Non-intervention is better than bad intervention, and that is the virtue of the Austrian school. But is it better than good intervention? I think not, and that is the weakness of the Austrian school. I think that it is morally impossible to sit back and watch capitalism at work. I mean impossible for a moral conscience. It is too easy for the wealthy to exploit the poor, the clever to cheat the foolish. And I think western civilisation has come to the same conclusion over the last thousand years, instituting taxes and charities, encouraged by a predominantly Christian view of heaven and hell.

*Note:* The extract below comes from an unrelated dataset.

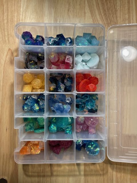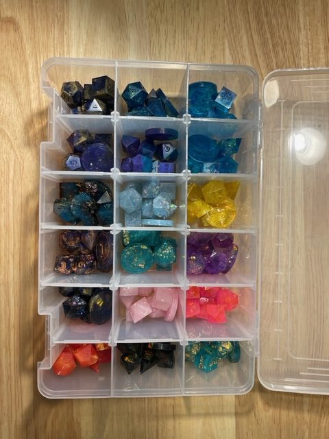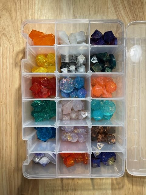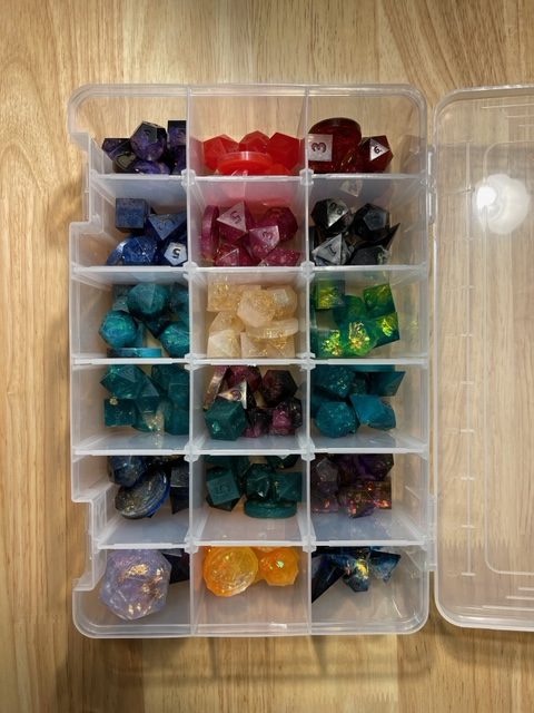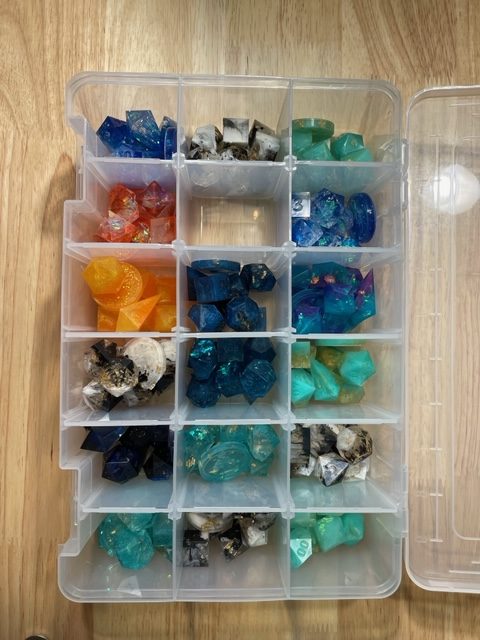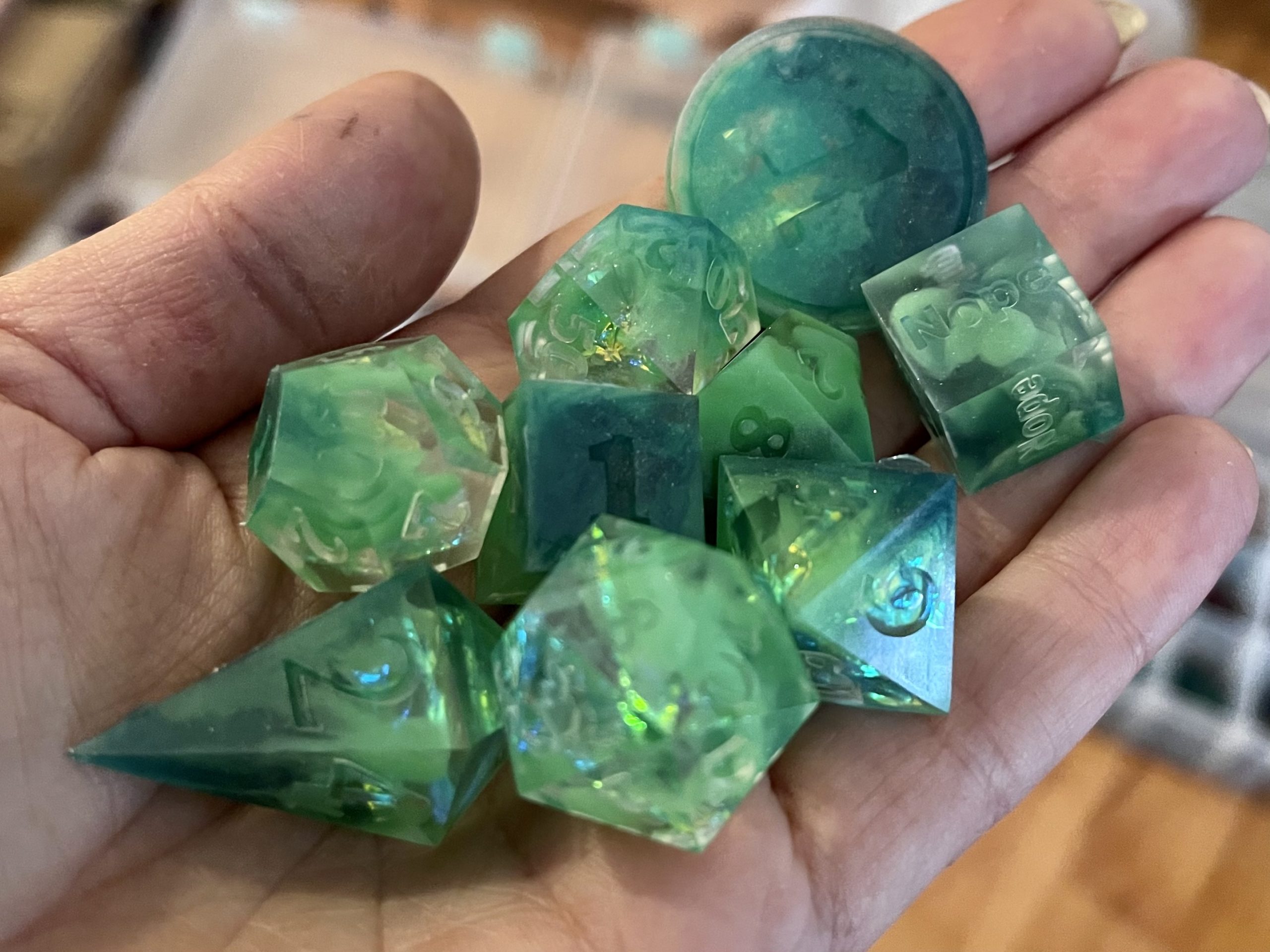 NOTE: I make and sell dice constantly, what you see in the gallery images may no longer be available. If I find that a set you have chosen has flaws beyond repair I will remake the set at no extra charge to you.
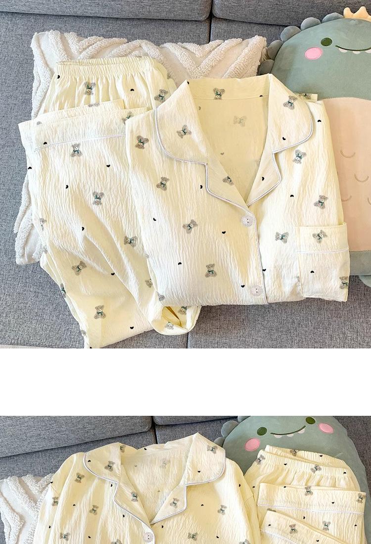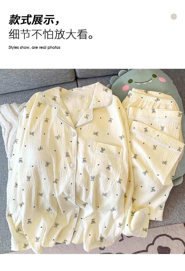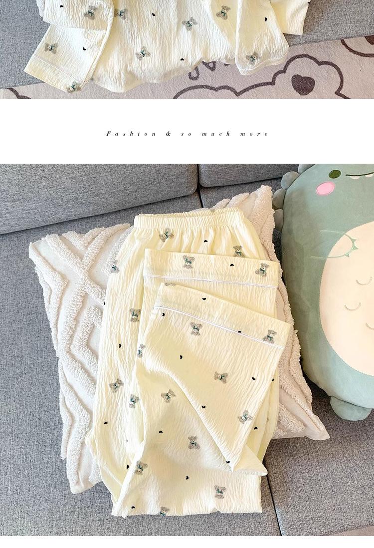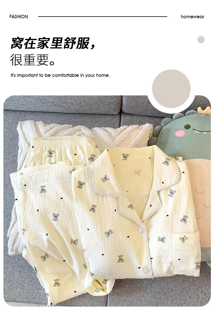 Pijama de manga larga con cárdigan de oso de amor dulce francés para mujer, ropa de hogar sencilla y nueva para primavera y otoño, venta al por mayor

But if that is the weakness of the Austrian School, what of its strengths? And do governments effect more harm that good? 

It is undoubtedly a weakness of democracies that they find it hard to raise sufficient revenue in taxes. Who, for example, campaigns for votes by offering to raise taxes? (Only in Scandinavia, and that one suspects is for predominantly climatic reasons.) So, I suggest that the fact that governments seem to get it wrong more often than right, may not be solely down to their (governmental) stupidity. (As for the newspapers and the voters, that is another matter, and I suspect that ignorance plays a considerable part.)  I like to think that, since 1936 when Keynes published his "General Theory", governments have, occasionally, mitigated the severity of the business cycle on the populations in their care, by providing relief, or work on infrastructural projects. 

Tinkering with bank rate has its limitations, and I am not yet convinced of the benefits of "quantitive easing", except benefits for the bankers, for I am skeptical of the extent of "trickle-down".

(#  I realize that the order in which businesses become profitable one after the other will be slightly different when the price rise is general (as it might be if government intervenes) compared with the diverse price rises that pure market forces can devise. The Keynesian result will not be identical to the Austrian result.)